= Assigned task =
Repeat only the stretch of lines below that runs from the line with "2022년 1월 1일" through the line with "de l’année 1932.", unaltered.

= Data to process =
○ ○ ○
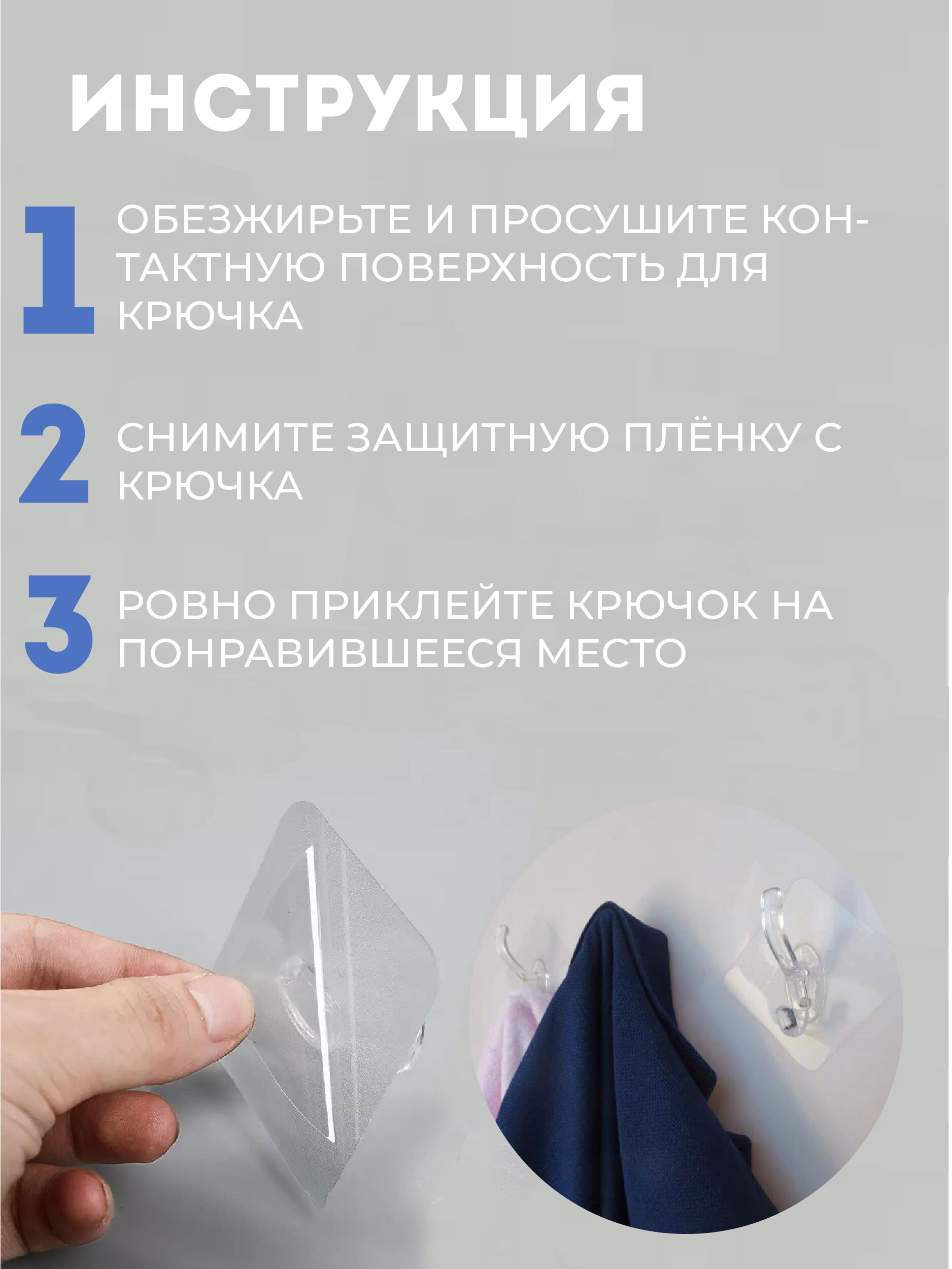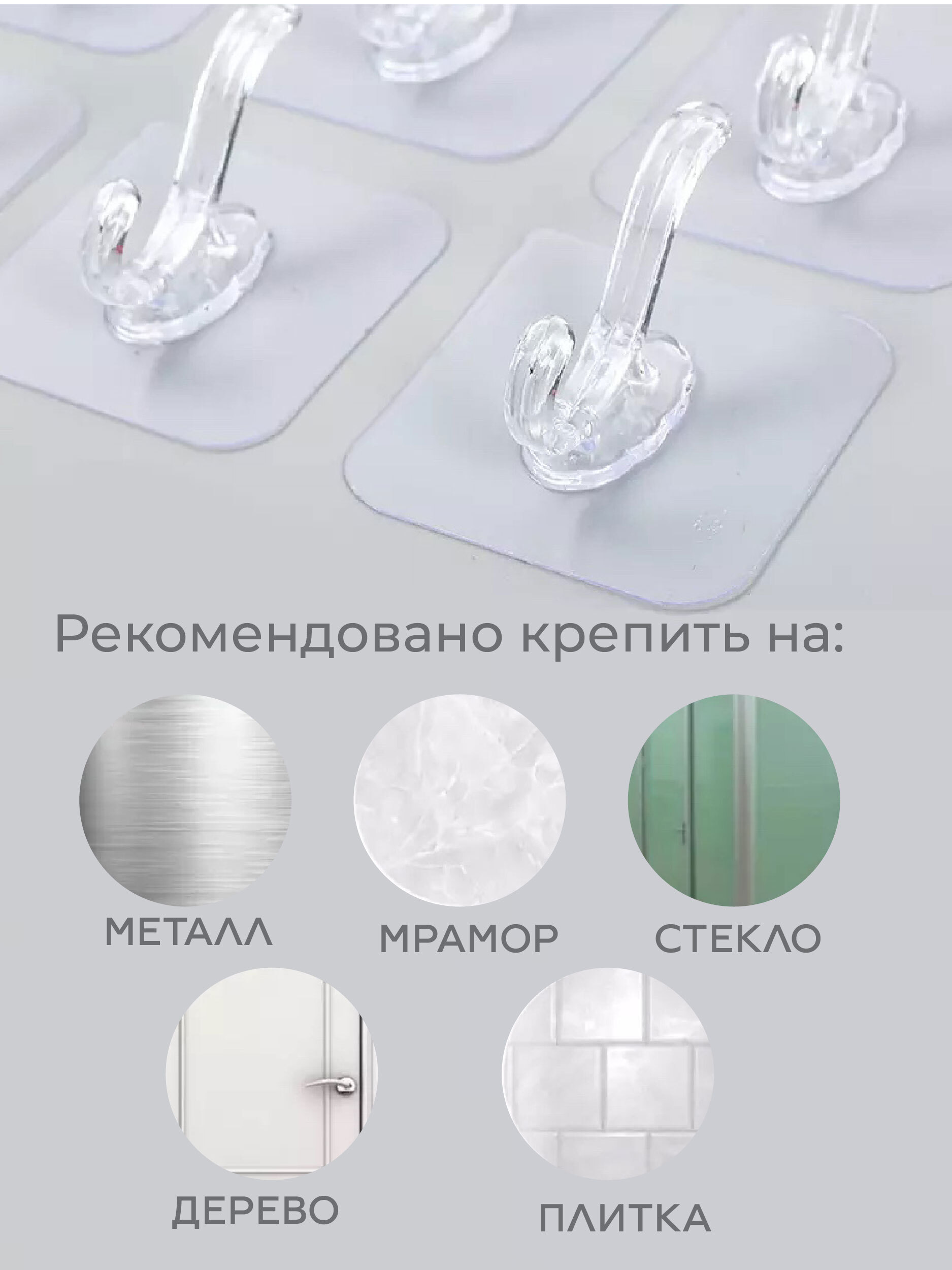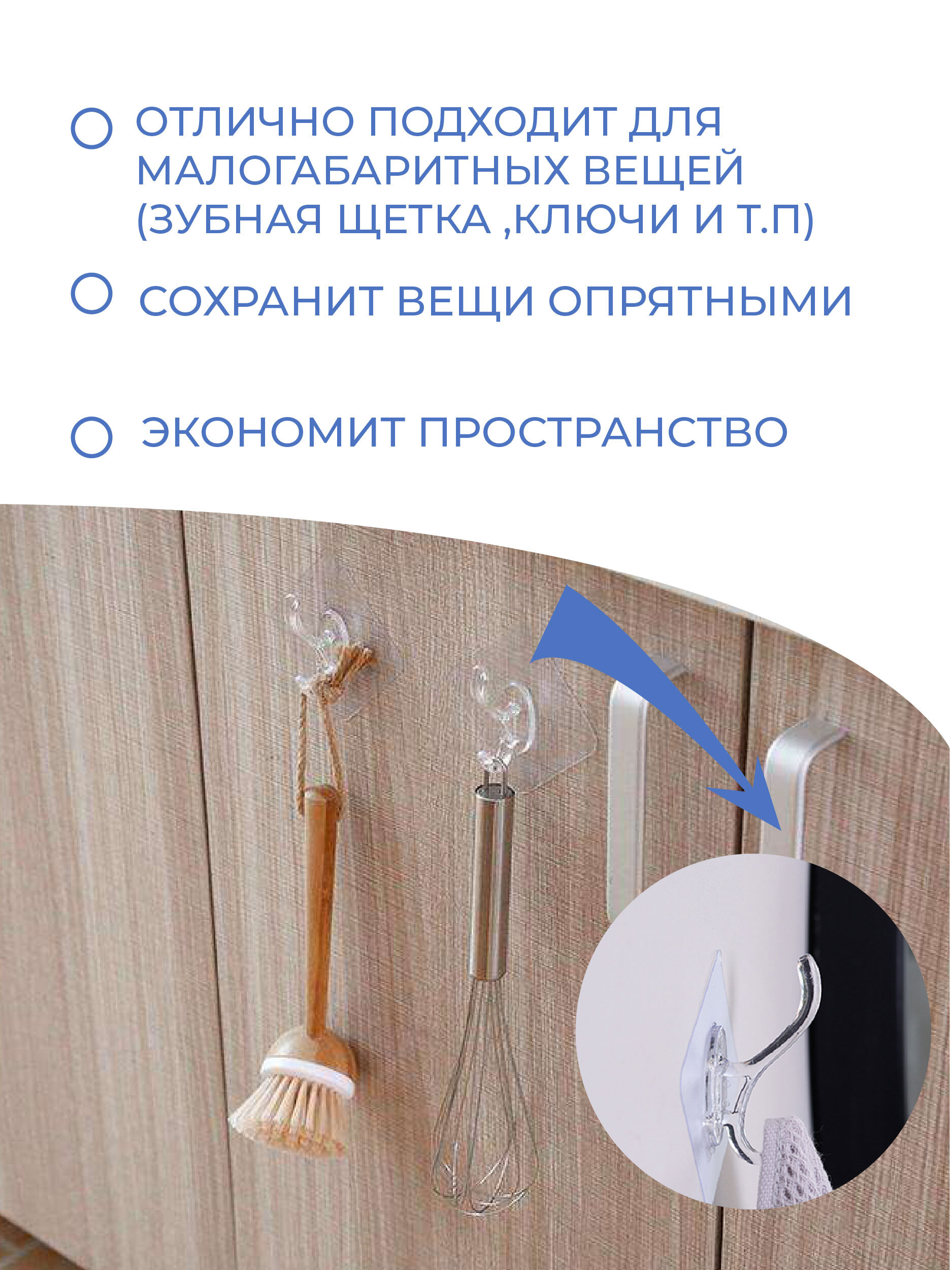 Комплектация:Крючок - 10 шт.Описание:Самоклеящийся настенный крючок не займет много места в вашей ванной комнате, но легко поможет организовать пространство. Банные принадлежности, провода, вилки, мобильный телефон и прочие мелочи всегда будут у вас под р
○ ○ ○
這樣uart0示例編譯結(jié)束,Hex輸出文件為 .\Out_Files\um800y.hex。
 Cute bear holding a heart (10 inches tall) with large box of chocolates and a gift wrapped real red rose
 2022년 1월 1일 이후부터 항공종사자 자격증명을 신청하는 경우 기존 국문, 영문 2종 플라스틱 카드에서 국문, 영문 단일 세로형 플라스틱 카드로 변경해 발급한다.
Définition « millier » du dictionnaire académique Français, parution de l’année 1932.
○ ○ ○
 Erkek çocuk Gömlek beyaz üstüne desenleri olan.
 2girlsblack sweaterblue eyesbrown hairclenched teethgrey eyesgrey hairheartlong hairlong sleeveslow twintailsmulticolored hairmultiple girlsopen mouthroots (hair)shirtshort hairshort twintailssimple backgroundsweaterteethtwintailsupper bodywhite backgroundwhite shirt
○ ○ ○
= Task answer =
 2022년 1월 1일 이후부터 항공종사자 자격증명을 신청하는 경우 기존 국문, 영문 2종 플라스틱 카드에서 국문, 영문 단일 세로형 플라스틱 카드로 변경해 발급한다.
Définition « millier » du dictionnaire académique Français, parution de l’année 1932.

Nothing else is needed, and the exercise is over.